▶ Instructions for the task:
The output should be limited to the line holding "あえて入力用のテンプレートな" and the lines after it through the end of the entries, each restated exactly.

▶ Dataset records:
┄┄┄┄┄┄┄┄┄┄

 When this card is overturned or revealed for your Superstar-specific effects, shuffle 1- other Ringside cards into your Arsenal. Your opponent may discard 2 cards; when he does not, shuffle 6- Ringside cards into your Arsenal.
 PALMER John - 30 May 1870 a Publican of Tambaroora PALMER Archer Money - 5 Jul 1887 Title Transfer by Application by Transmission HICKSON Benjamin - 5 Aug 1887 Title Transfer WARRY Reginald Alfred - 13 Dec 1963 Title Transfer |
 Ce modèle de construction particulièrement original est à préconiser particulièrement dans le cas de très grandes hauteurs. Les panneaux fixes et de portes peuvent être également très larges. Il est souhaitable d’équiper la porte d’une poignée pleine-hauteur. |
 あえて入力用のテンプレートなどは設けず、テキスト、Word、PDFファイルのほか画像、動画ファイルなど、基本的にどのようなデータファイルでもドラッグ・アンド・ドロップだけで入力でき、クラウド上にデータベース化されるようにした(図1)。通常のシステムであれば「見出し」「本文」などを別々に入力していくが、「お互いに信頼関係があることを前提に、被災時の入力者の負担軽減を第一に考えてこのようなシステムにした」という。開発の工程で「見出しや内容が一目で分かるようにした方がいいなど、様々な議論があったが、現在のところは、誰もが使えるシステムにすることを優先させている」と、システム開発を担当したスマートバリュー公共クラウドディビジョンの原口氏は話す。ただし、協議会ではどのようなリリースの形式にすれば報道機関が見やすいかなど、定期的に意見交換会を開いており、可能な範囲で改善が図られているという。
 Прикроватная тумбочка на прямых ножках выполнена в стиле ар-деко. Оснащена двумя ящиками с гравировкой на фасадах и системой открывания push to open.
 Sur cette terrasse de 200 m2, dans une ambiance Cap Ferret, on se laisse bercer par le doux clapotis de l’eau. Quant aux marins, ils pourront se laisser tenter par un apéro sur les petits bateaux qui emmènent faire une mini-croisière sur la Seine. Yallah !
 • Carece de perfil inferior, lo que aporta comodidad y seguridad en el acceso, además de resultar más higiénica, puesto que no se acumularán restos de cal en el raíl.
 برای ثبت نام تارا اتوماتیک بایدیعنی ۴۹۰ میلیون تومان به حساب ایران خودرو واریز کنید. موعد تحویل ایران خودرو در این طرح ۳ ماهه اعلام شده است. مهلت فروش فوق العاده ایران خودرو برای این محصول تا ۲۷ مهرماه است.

┄┄┄┄┄┄┄┄┄┄

▶ Answer box:
 あえて入力用のテンプレートなどは設けず、テキスト、Word、PDFファイルのほか画像、動画ファイルなど、基本的にどのようなデータファイルでもドラッグ・アンド・ドロップだけで入力でき、クラウド上にデータベース化されるようにした(図1)。通常のシステムであれば「見出し」「本文」などを別々に入力していくが、「お互いに信頼関係があることを前提に、被災時の入力者の負担軽減を第一に考えてこのようなシステムにした」という。開発の工程で「見出しや内容が一目で分かるようにした方がいいなど、様々な議論があったが、現在のところは、誰もが使えるシステムにすることを優先させている」と、システム開発を担当したスマートバリュー公共クラウドディビジョンの原口氏は話す。ただし、協議会ではどのようなリリースの形式にすれば報道機関が見やすいかなど、定期的に意見交換会を開いており、可能な範囲で改善が図られているという。
 Прикроватная тумбочка на прямых ножках выполнена в стиле ар-деко. Оснащена двумя ящиками с гравировкой на фасадах и системой открывания push to open.
 Sur cette terrasse de 200 m2, dans une ambiance Cap Ferret, on se laisse bercer par le doux clapotis de l’eau. Quant aux marins, ils pourront se laisser tenter par un apéro sur les petits bateaux qui emmènent faire une mini-croisière sur la Seine. Yallah !
 • Carece de perfil inferior, lo que aporta comodidad y seguridad en el acceso, además de resultar más higiénica, puesto que no se acumularán restos de cal en el raíl.
 برای ثبت نام تارا اتوماتیک بایدیعنی ۴۹۰ میلیون تومان به حساب ایران خودرو واریز کنید. موعد تحویل ایران خودرو در این طرح ۳ ماهه اعلام شده است. مهلت فروش فوق العاده ایران خودرو برای این محصول تا ۲۷ مهرماه است.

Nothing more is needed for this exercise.